━━━ DATA FOR THE TASK
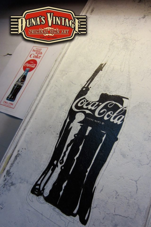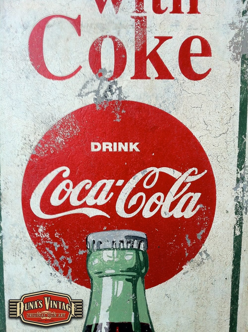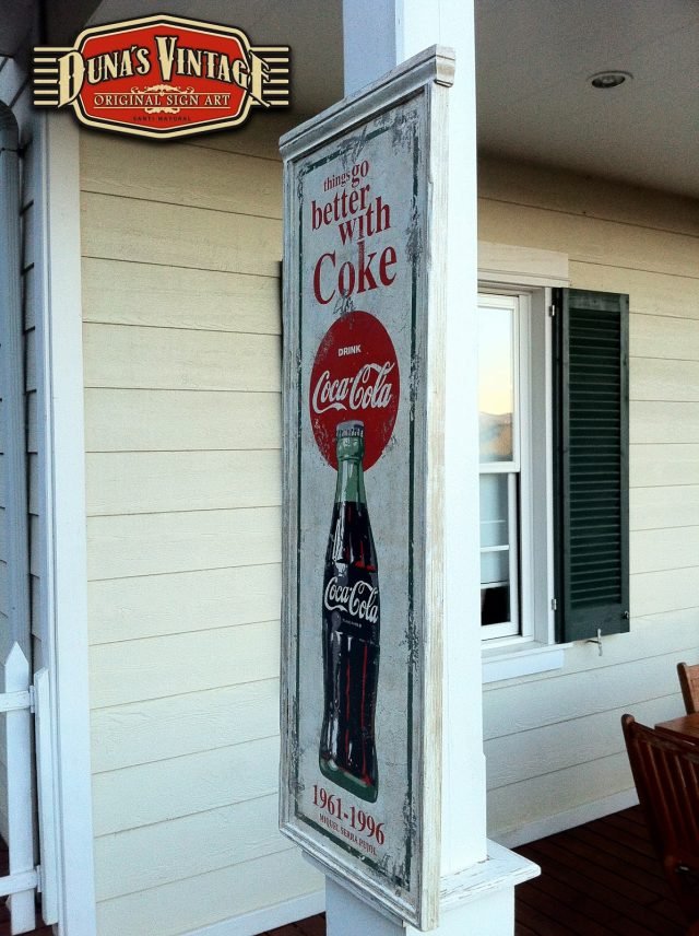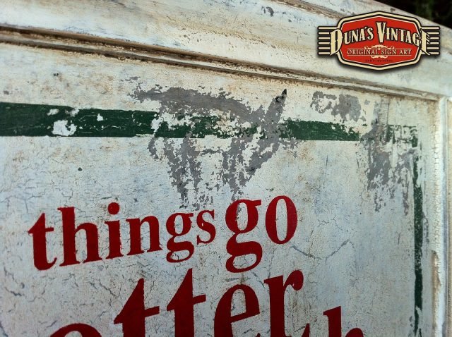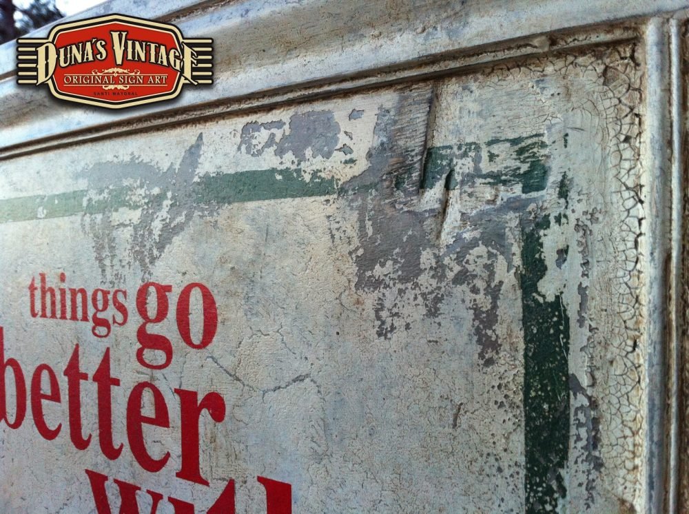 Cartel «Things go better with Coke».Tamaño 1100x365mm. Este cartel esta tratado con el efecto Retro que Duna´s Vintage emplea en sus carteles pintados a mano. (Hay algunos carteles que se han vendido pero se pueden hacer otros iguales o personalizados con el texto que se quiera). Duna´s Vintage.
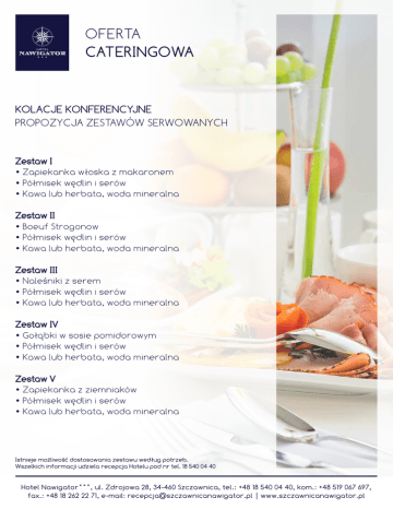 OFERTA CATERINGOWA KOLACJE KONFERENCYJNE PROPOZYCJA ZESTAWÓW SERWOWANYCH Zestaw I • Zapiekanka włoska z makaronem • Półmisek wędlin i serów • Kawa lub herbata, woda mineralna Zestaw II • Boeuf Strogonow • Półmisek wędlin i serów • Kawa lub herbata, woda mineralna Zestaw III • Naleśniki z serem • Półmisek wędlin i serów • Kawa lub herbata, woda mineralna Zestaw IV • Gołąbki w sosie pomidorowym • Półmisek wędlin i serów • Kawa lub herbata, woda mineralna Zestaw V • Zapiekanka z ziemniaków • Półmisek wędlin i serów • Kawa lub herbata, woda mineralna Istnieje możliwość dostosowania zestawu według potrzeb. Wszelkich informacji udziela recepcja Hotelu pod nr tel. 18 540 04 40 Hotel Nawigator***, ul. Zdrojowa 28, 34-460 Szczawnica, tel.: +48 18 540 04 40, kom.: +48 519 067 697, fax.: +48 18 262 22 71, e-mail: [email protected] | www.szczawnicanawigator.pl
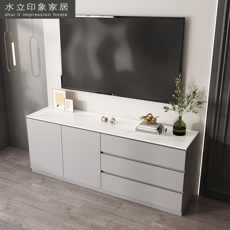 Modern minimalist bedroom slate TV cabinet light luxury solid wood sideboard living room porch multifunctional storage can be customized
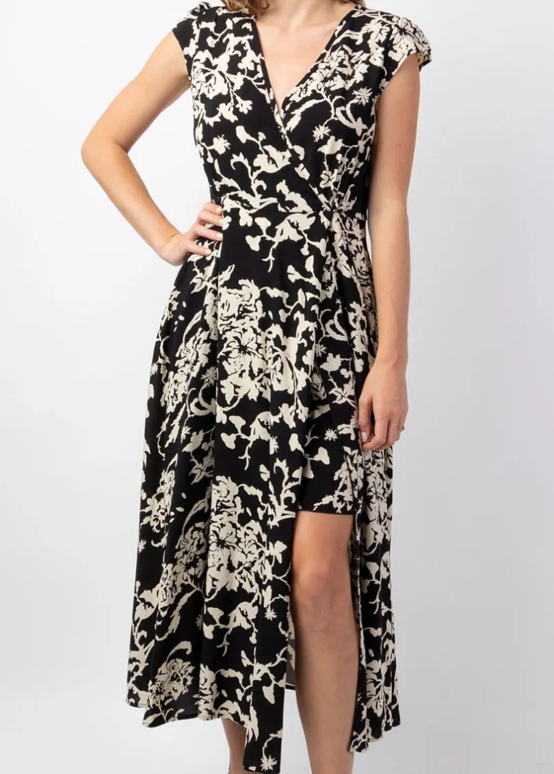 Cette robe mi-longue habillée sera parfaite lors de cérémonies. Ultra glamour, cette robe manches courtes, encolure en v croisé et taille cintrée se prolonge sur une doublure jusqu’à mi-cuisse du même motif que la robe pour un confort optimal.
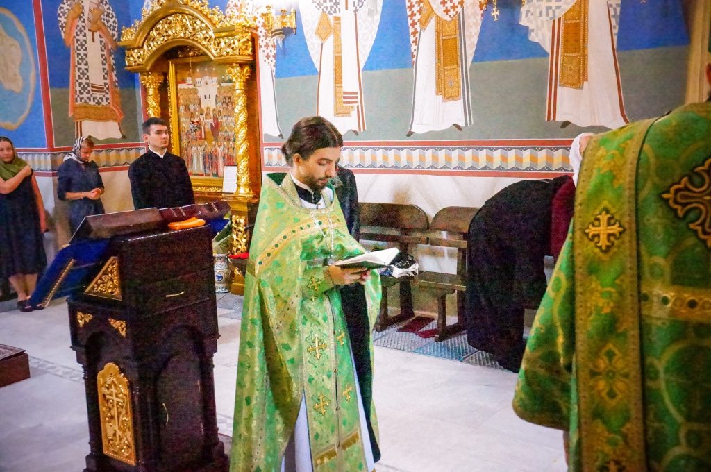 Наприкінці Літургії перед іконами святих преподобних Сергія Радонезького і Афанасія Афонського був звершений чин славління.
━━━━━━
§ THE TASK:
Transcribe every entry word for word, but skip the pictures.

§ RESULT:
 Cartel «Things go better with Coke».Tamaño 1100x365mm. Este cartel esta tratado con el efecto Retro que Duna´s Vintage emplea en sus carteles pintados a mano. (Hay algunos carteles que se han vendido pero se pueden hacer otros iguales o personalizados con el texto que se quiera). Duna´s Vintage.
 OFERTA CATERINGOWA KOLACJE KONFERENCYJNE PROPOZYCJA ZESTAWÓW SERWOWANYCH Zestaw I • Zapiekanka włoska z makaronem • Półmisek wędlin i serów • Kawa lub herbata, woda mineralna Zestaw II • Boeuf Strogonow • Półmisek wędlin i serów • Kawa lub herbata, woda mineralna Zestaw III • Naleśniki z serem • Półmisek wędlin i serów • Kawa lub herbata, woda mineralna Zestaw IV • Gołąbki w sosie pomidorowym • Półmisek wędlin i serów • Kawa lub herbata, woda mineralna Zestaw V • Zapiekanka z ziemniaków • Półmisek wędlin i serów • Kawa lub herbata, woda mineralna Istnieje możliwość dostosowania zestawu według potrzeb. Wszelkich informacji udziela recepcja Hotelu pod nr tel. 18 540 04 40 Hotel Nawigator***, ul. Zdrojowa 28, 34-460 Szczawnica, tel.: +48 18 540 04 40, kom.: +48 519 067 697, fax.: +48 18 262 22 71, e-mail: [email protected] | www.szczawnicanawigator.pl
 Modern minimalist bedroom slate TV cabinet light luxury solid wood sideboard living room porch multifunctional storage can be customized
 Cette robe mi-longue habillée sera parfaite lors de cérémonies. Ultra glamour, cette robe manches courtes, encolure en v croisé et taille cintrée se prolonge sur une doublure jusqu’à mi-cuisse du même motif que la robe pour un confort optimal.
 Наприкінці Літургії перед іконами святих преподобних Сергія Радонезького і Афанасія Афонського був звершений чин славління.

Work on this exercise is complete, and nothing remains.